Kloudy

Personal information
- Born: James Haney September 24, 1962 (age 63) Manasquan, New Jersey, U.S.

Professional wrestling career
- Ring name(s): Kloudy Kloudi Cloudy Jimmy Shoulders Jim Hammer
- Billed height: 6 ft 1 in (1.85 m)
- Trained by: Larry Sharpe Chuck Richards
- Debut: 1988
- Retired: 1998

= Kloudy =

American professional wrestler

James Haney (born September 24, 1962) is a retired American professional wrestler and manager best known for working in the World Wrestling Federation as Kloudy, sometimes spelled Cloudy, Cloudi, or Kloudi, managing the Bodydonnas. Also worked as Jimmy Shoulders in Extreme Championship Wrestling, and various New Jersey promotions.

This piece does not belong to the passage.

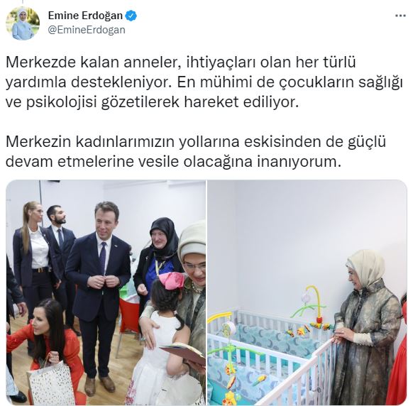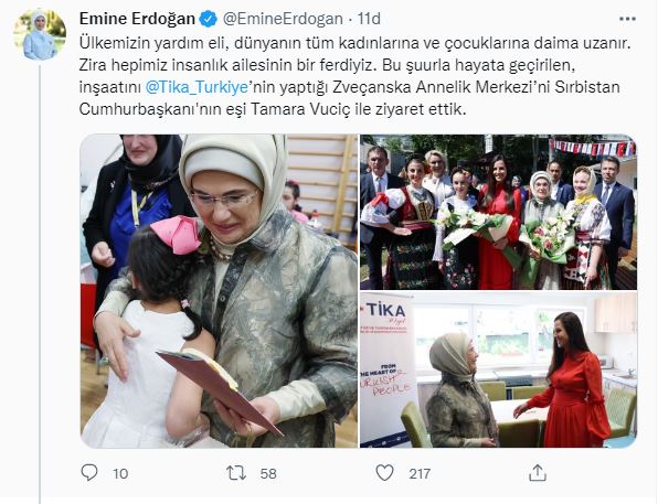Erdoğan paylaşımında, “Ülkemizin yardım eli, dünyanın tüm kadınlarına ve çocuklarına daima uzanır. Zira hepimiz insanlık ailesinin bir ferdiyiz. Bu şuurla hayata geçirilen, inşaatını @Tika_Turkiye’nin yaptığı Zveçanska Annelik Merkezi’ni Sırbistan Cumhurbaşkanı'nın eşi Tamara Vuciç ile ziyaret ettik. Merkezde kalan anneler, ihtiyaçları olan her türlü yardımla destekleniyor. En mühimi de çocukların sağlığı ve psikolojisi gözetilerek hareket ediliyor. Merkezin kadınlarımızın yollarına eskisinden de güçlü devam etmelerine vesile olacağına inanıyorum” dedi.

==Professional wrestling career==
===Independents (1988–1996)===
Haney was trained by New Jersey wrestler Larry Sharpe and his wrestling debut in 1988. He worked in the independents in New Jersey. He feud with Jason Knight in 1996 for NWA New Jersey.

===World Wrestling Federation (1996)===
Haney was hired by the WWF through Chris Candido (Skip), who he was friends with in New Jersey. He made his WWF debut in June 1996 at King of the Ring when the Bodydonnas (Skip and Zip) announced that they were searching for a new manager after replacing Sunny. Haney became their new manager and was named Kloudy, a transvestite. That night they wrestled The New Rockers (Marty Jannetty and Leif Cassidy) in a match that aired live on Free for All. Bodydonnas won when Skip pinned Cassidy after Kloudy kissed Cassidy. They appeared on WWF television programs urging fans to apply for the position.

In September 1996, Skip was injured and the Bodydonnas disbanded. Haney left the WWF.

===Extreme Championship Wrestling (1997–1998)===
In 1997, Haney made his debut for Extreme Championship Wrestling as Jimmy Shoulders. He wrestled his last match, losing to Chris Chetti.